Facendo un calcolo distratto potremmo contare almeno una dozzina di profezie che hanno predetto la Fine del Mondo, e solo nel tempo recente. Conosciamone meglio alcune, con la consapevolezza che si tratti solo di dicerie.

Si sente spesso parlare di profezie teorizzate già da diverse centinaia di anni, specialmente sul web. Tra le più conosciute, troviamo quella dei Maya, noti per il famosissimo 12/12/2012. Inoltre, contenuta all’interno del libro della Genesi, è presente la profezia di Ezechiele.

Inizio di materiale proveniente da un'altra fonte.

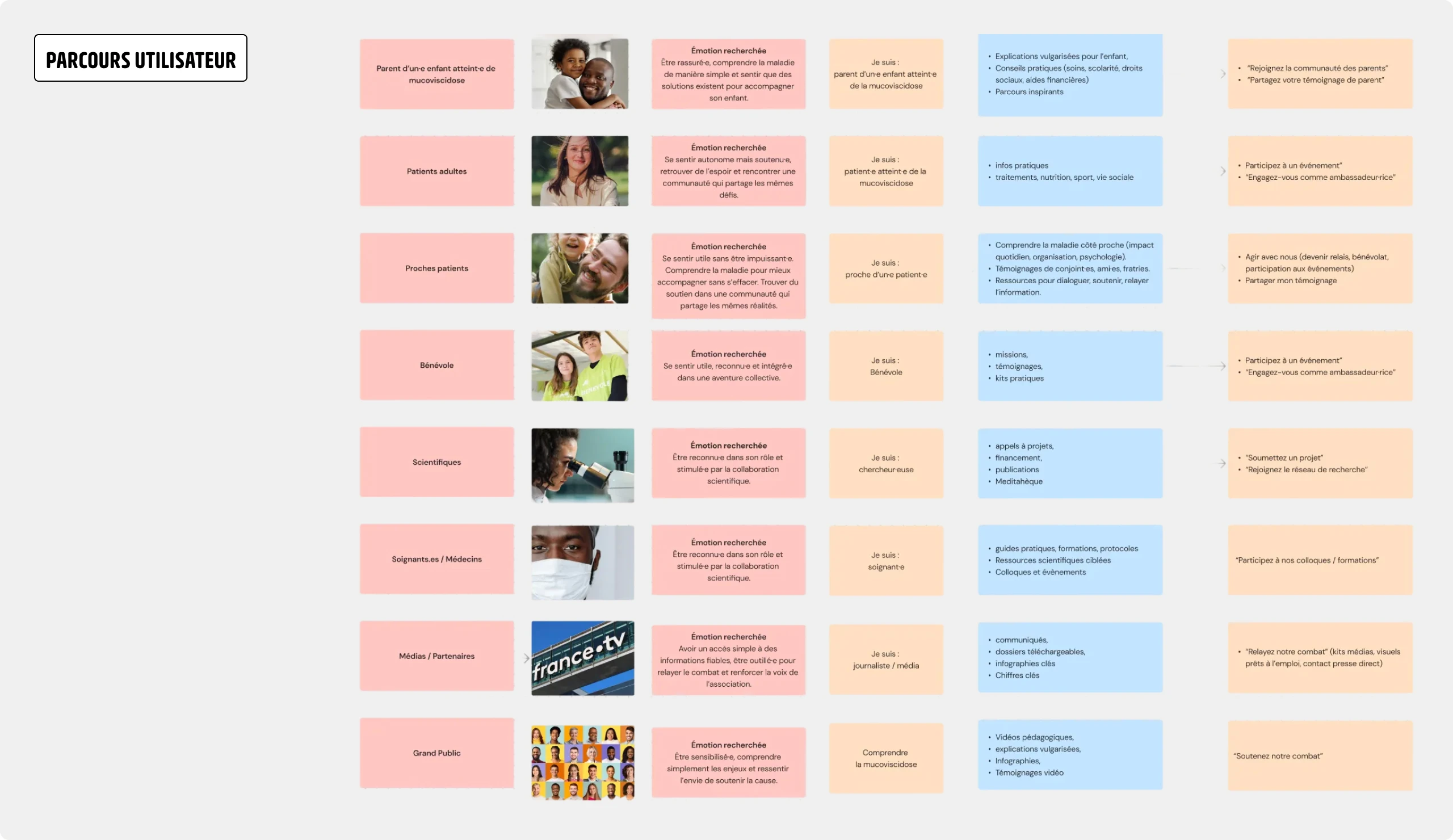 A partir de ce travail, nous proposons dans la réponse à l’appel d’offres un userflow complet, pensé “par et pour” les profils, avec une logique d’engagement forte. L’entrée s’adapte au profil (patient, parent, proche, bénévole, donateur/adhérent, partenaire, chercheur, soignant, média, institution), et sert de porte d’accès à une architecture de contenus et à des parcours qui transforment la visite en action (don, bénévolat, participation, relais, témoignage).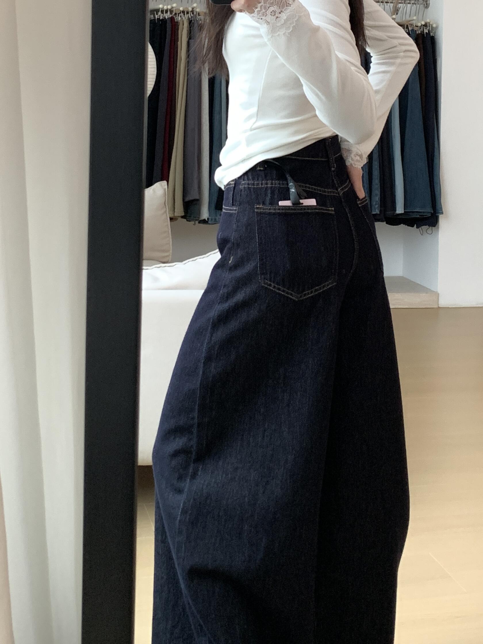 小个子深蓝美式宽松阔腿牛仔裤女2025秋冬垂感慵懒休闲拖地直筒裤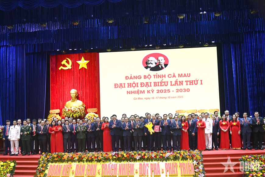 Các đại biểu cùng Ban Chấp hành Đảng bộ tỉnh Cà Mau nhiệm kỳ 2025-2030 chụp ảnh chung. |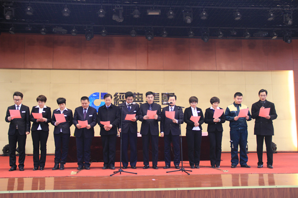 2月9日上午,經(jīng)典集團(tuán)在職工宴會(huì)中心隆重召開(kāi)2017年誓師動(dòng)員暨管理層承諾宣誓大會(huì),總結(jié)2016年企業(yè)的發(fā)展情況,安排部署2017年重點(diǎn)工作任務(wù),進(jìn)一步鼓舞斗志,強(qiáng)化舉措,銳意進(jìn)取,拼搏實(shí)干,推進(jìn)集團(tuán)公司科學(xué)發(fā)展、跨越發(fā)展。集團(tuán)董事會(huì)、各子公司負(fù)責(zé)人、各部門負(fù)責(zé)人、項(xiàng)目經(jīng)理代表、施工隊(duì)長(zhǎng)代表、制造部全體職工近1000人參加會(huì)議。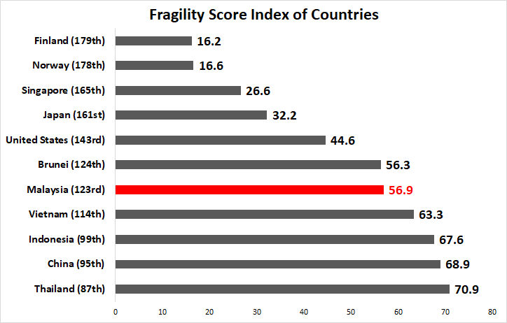 Believe it or not, Malaysia is actually considered very decent in the rankings. As of the latest data in 2021, Malaysia scores 56.9 on the FSI, ranking it123rd out of 179. For context, the lower the score, the higher the ranking. This leaves Finland the best country at 179th ranking. The worst failed state in the ranking is Yemen with a score of 111.7, in the 1st position. Remember, the lower the score, the better. The only countries in the region that performs better than Malaysia is Singapore scoring a 26.6 on the FSI and ranking at 165th, and Brunei scoring a 56.3 at 124th position. Vietnam scores 67.6 and ranks 114th, while Indonesia is at 99th and Thailand is at 87th.

Queste profezie hanno fatto un notevole clamore nelle ultime settimane, in seguito a tutti gli sfortunati eventi che stanno gradualmente distruggendo il nostro pianeta. Tra scioglimento dei ghiacciai, la foresta amazzonica che brucia e tutti gli altri accadimenti, infatti, si è subito pensato ad un’imminente apocalisse.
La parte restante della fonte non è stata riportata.